Genuine question - what else did you expect?

fragmede · 2026-03-23T03:46:14 1774237574

For it to follow the instructions I had for it. Call me naive and stupid for thinking the 1M context window on the brand new model would actually, y'know, work.

quesera · 2026-03-23T05:03:45 1774242225

That's a bit anthropomorphic though.

When LLMs become able to reflectively examine their own premises and weight paths, they will exceed the self-awareness of ordinary humans.

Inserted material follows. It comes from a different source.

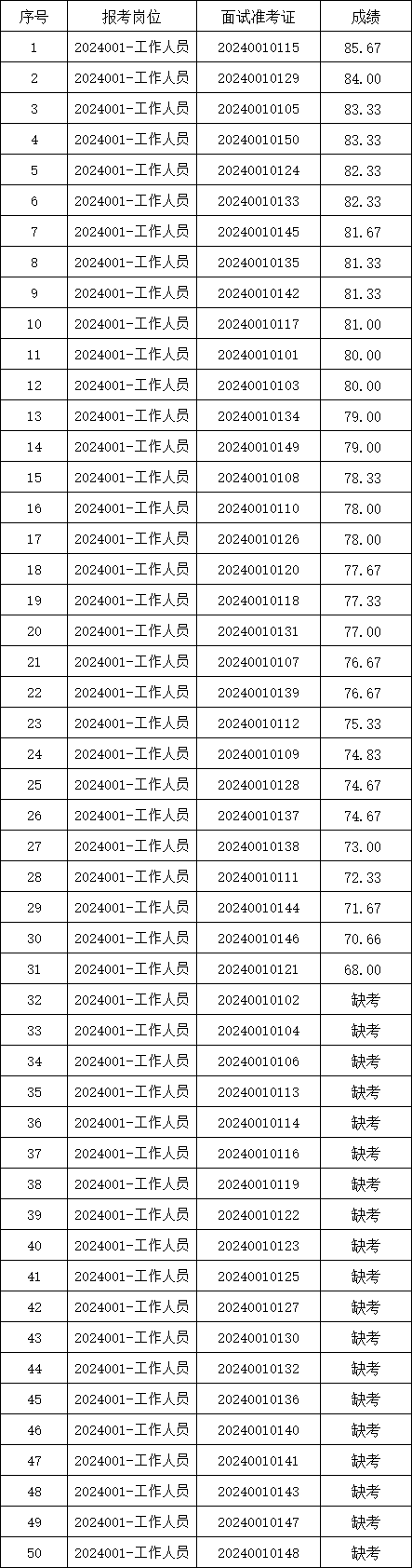 根據(jù)《2024年亳州市譙城區(qū)希望公益服務(wù)中心勞務(wù)派遣人員公開(kāi)招聘》有關(guān)規(guī)定,現(xiàn)將面試成績(jī)予以公示。

hgoel · 2026-03-23T11:26:35 1774265195

Just dealt with this last night with Claude repeatedly risking a full system crash by failing to ensure that the previous training run of a model ended before starting the next one.

It's a pretty strange issue, makes me feel like the 1M context model was actually a downgrade, but it's probably something weird about the state of its memory document. I wasn't even very deep into the context.

Natfan · 2026-03-23T03:59:33 1774238373

why would further chance at context pollution be a good thing? i feel like it is easier for data to get lost in a larger context

grey-area · 2026-03-23T06:54:57 1774248897

It doesn’t reason or explicitly follow instructions, it generates plausible text given a context.

maxbeech · 2026-03-22T15:58:46 1774195126

nice architecture -- the two-plane model is something i've been thinking about too, from a slightly different angle.

i built something for this actually (openhelm.ai) -- the problem i was solving is less about orchestrating active PR loops and more about scheduling claude code jobs to run unattended on a cron-like schedule. user describes a high-level goal, it gets planned into a set of tasks with a next_fire_at, and those run autonomously in the background even when they're not at their desk.

the piece i found hardest: deciding what requires human approval vs what can auto-proceed. we landed on "no plan runs without user sign-off" as a hard rule, but even within an approved plan, mid-job blockers that need human input are more common than you'd expect.

curious how TTal handles tasks that get legitimately stuck mid-execution -- does the manager agent have heuristics for detecting "stuck vs slow"? the watchdog timeout approach (we sigterm after 30 min) is blunt but works.